MLX doesn't use ANE for the single and only reason that Apple hid the ANE behind CoreML, exposing zero public APIs to utilize ANE directly, and MLX -- being basically an experimental grounds -- wanted to hand roll their implementation around the GPU / CPU. They literally, directly state this as the reason. People inventing technical reasons for why MLX doesn't use ANE are basically just manufacturing a fan fiction. This isn't to say that ANE would be suitable for a lot of MLX tasks, and it is a highly optimized, power-efficient inference hardware that doesn't work for a lot of purposes, but its exclusion is not due to technically unsuitability.
Further, the ANE on both my Mac and my iPhone is constantly attenuating and improving my experience. Little stuff like extracting contents from images. Ever browse in Safari and notice that you can highlight text in the image almost instantly after loading a page? Every image, context and features detected effortlessly. Zero fans cycling up. Power usage at a trickle. It just works. It's the same way that when I take a photo I can search "Maine Coon" and get pictures of my cats, ANE used for subject and feature extraction. Computational photography massively leverages the ANE.
At a trickle of power.
Scam? Yeah, I like my battery lasting for more than a couple of minutes.
Apple intended ANE to bring their own NN augmentations to the OS and thus the user experience, and even the availability in CoreML as a runtime engine is more limited than what Apple's own software can do. Apple basically limits the runtime usage to ensure that no third party apps inhibit or restrict Apple's own use of this hardware.
Typing on my iPhone in the last few months (~6 months?) has been absolutely atrocious. I've tried disabling/enabling every combination of keyboard setting I can thinkj of, but the predictive text just randomly breaks or it just gives up and stops correcting anything at all.
https://news.ycombinator.com/item?id=46232528 ("iPhone Typos? It's Not Just You - The iOS Keyboard is Broken")
At least the machine didn't say it was seven!
Did you file a radar? (silently laughing while writing this, but maybe there's someone left at Apple who reads those)
> - MiniMax can't fit on an iPhone.
They asked MiniMax on their computer to make an iPhone app that didn't work.
It didn't work using the Apple Intelligence API. So then:
* They asked Minimax to use MLX instead. It didn't work.
* They Googled and found a thread where Apple Intelligence also didn't work for other people, but only sometimes.
* They HAND WROTE the MLX code. It didn't work. They isolated the step where the results diverged.
> Better to dig in a bit more.
The author already did 100% of the digging and then some.

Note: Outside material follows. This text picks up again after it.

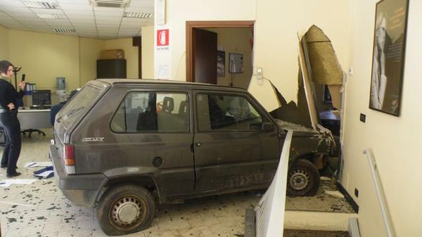 Pauroso incidente ad Albino, in viale della Libertà: una Fiat Panda 750 si è «infilata» in un ufficio dell'agenzia per il lavoro Manpower Spa abbattendo la porta a vetri dell'ingresso. L'auto fuori controllo ha finito la sua corsa contro un muro interno.

Look, I am usually an AI rage-enthusiast. But in this case the author did every single bit of homework I would expect and more, and still found a bug. They rewrote the test harness code without an LLM. I don't find the results surprising insofar as that I wouldn't expect MAC to converge across platforms, but the fact that Apple's own LLM doesn't work on their hardware and their own is an order of magnitude off is a reasonable bug report, in my book.
Fascinating the claim is Apple Intelligence doesn't work altogether. Quite a scandal.
EDIT: If you wouldn't mind, could you edit out "AI rage enthusiast" you edited in? I understand it was in good humor, as you describe yourself that way as well. However, I don't want to eat downvotes on an empty comment that I immediately edited when you explained it wasn't minimax! People will assume I said something naughty :) I'm not sure it was possible to read rage into my comment.
No, the claim is their particular device has a hardware defect that causes MLX not to work (which includes Apple Intelligence).
> EDIT: If you wouldn't mind, could you edit out "AI rage enthusiast" you edited in? I understand it was in good humor, as you describe yourself that way as well. However, I don't want to eat downvotes on an empty comment that I immediately edited when you explained! People will assume I said something naughty :) I'm not sure it was possible to read rage into my comment.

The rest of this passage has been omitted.